News

Actions

MD Board of Elections audit finds unprotected voter data, ballot security concerns

Officials say all concerns have been addressed
Posted at 11:16 PM, May 03, 2017
and last updated 2017-05-03 23:16:47-04

The audit looked at a roughly three-year period between 2012 and 2015.  The document lists nine separate findings the State Board of Elections should address.

Internal control and book keeping deficiencies, unprotected voter data, and ballot security are some of the issues flagged in the newly-released audit.

"They collect a lot of data about voters and that data, according to the audit, is not carefully watched," said Michael Greenberger, Professor at the University Of Maryland Carey School Of Law.

One critical finding outlines how the state voter database contained names and full nine-digit social security numbers for nearly 600,000 people, when only the last four digits are required.  Sensitive, personal information that is a frequent target of criminals.

"I think the General Assembly and the Governor should pass legislation that creates a bipartisan commission of computer science experts to examine how data is collected and maintained in the board," Greenberger said.

ABC 2 News reached out to Governor Larry Hogan's office about the audit, and a spokesperson released a statement that says "The Governor has long held deep concerns about the lack of appropriate executive oversight with this agency and this is a perfect example of why those concerns are valid.
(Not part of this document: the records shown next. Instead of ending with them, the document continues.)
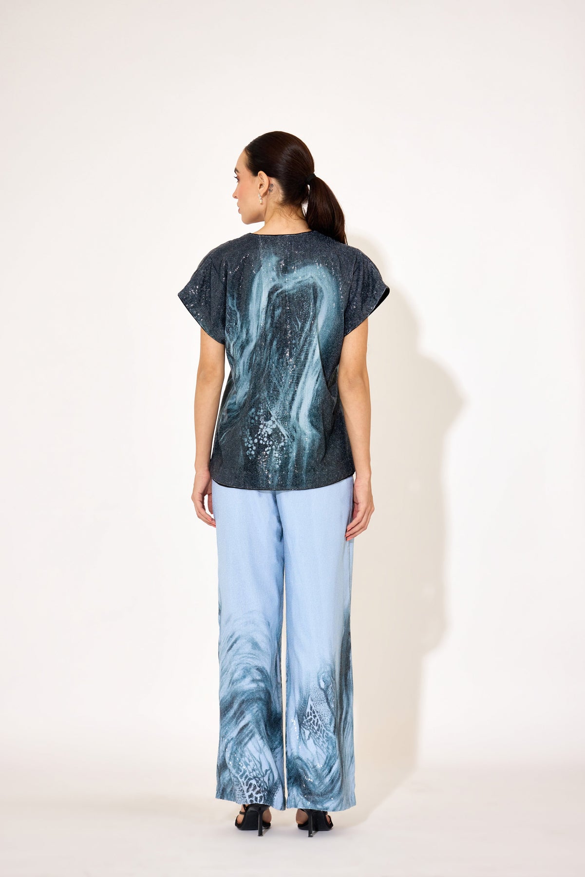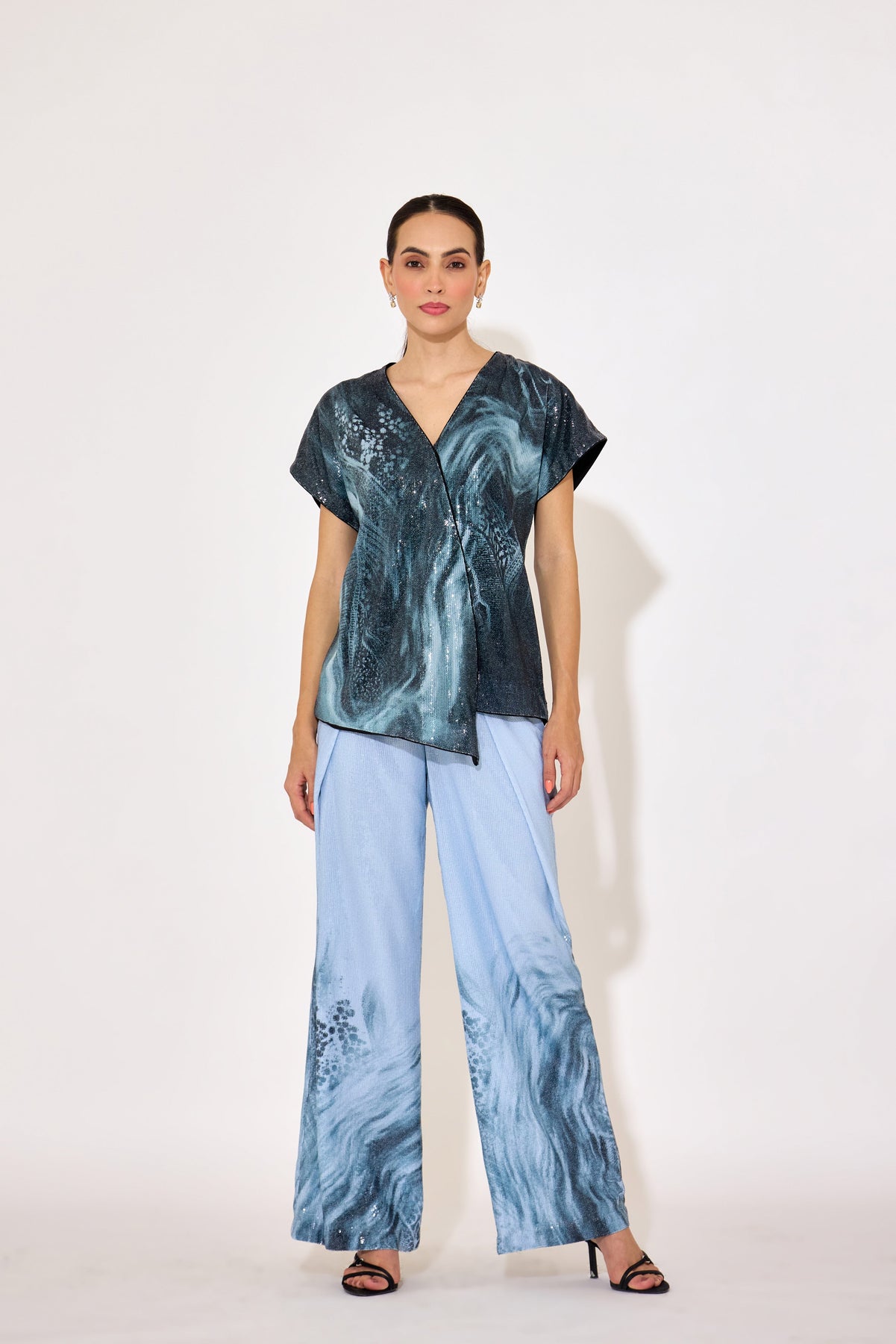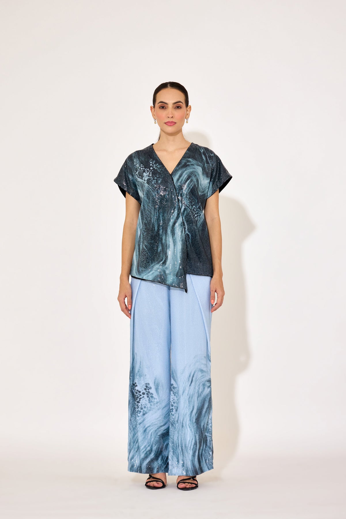 Elevate your wardrobe with these sky blue pleated pants crafted from luxurious sequin fabric. The abstract print adds a contemporary edge, while the pleated design ensures a flattering fit and graceful movement. Ideal for special occasions, this pant seamlessly combines shimmering texture with modern style, offering both comfort and standout elegance.
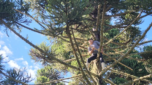 É o caso de João Odilar de Oliveira, que desde criança sobe até o topo de enormes araucárias para derrubar as pinhas e, assim, garantir renda para os próximos meses.
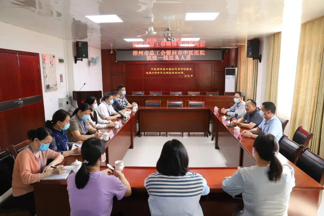 会上,医院工会主席文黛薇汇报了我院派赴各地支援的防疫抗疫医务人员情况2021年11月以来,我院共派出225名医护人员分别赶赴百色、防城港、钦州、崇左、东兴等疫情一线地区开展医疗保障、核酸采样、隔离酒店防控、流行病学调查工作,为全区疫情防控工作贡献了中医力量。
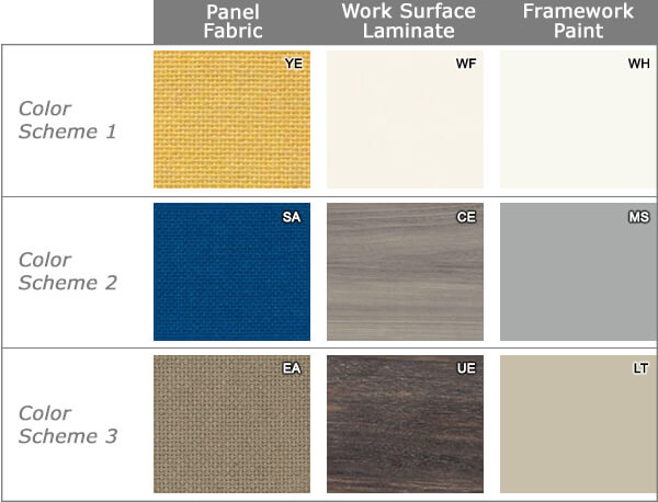 Please consider all factors influencing color perception when choosing panel fabric, work surface laminate, and trim paint colors. Natural or artificial light, time of day, and surrounding hues in your office environment, all can influence one's visual perception of color.
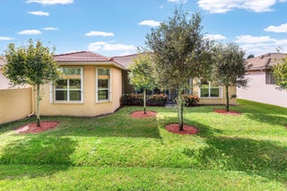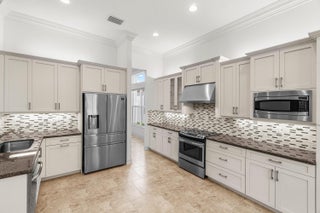 This beautiful Julia model features 3 bedrooms and a den, 3.5 baths and a private backyard with a garden view. The kitchen comes equipped with upgraded cabinetry, pot and pan drawers and lower cabinet pullouts, stainless steel appliances, an exterior vented hood and more. Additional upgrade highlights throughout include brick-laid neutral tile through main living areas, lots of bath upgrades, crown molding, tons of hi hats, Hunter Douglas blinds, Ring doorbell, gutters, accordion shutters and more. Please call for details on Valencia Reserve clubhouse renovations including renovation renderings. HOA Fee includes exterior painting of house, lawn care, alarm monitoring, cable and internet.

Properly securing Maryland’s election data is critically important and needs to be given the utmost priority."

The State Board of Elections says protections are in place to make sure data is secure and protected.

"There's absolutely no evidence whatsoever that any personal, identifiable information of our voters was ever released to anyone,” said Administrator of Elections, Linda Lamone.  “And that their information that we have is secured, safe, encrypted."

She says all of the recommendations in the report have already been addressed, or the board is in the process of taking steps to correct the findings.  Including needlessly retaining social-security numbers.

"Full social security numbers are no longer in the database,” Lamone said.  “And you have to realize the reason they were there was because people gave them to us, it isn't that we asked for them."

The auditalso brought up concerns about absentee voting and how people could request ballots simply by providing public information like name, address and date of birth.  Auditors recommend requiring more data to authenticate voters like social security numbers.

Lamone says the board is exploring the legality.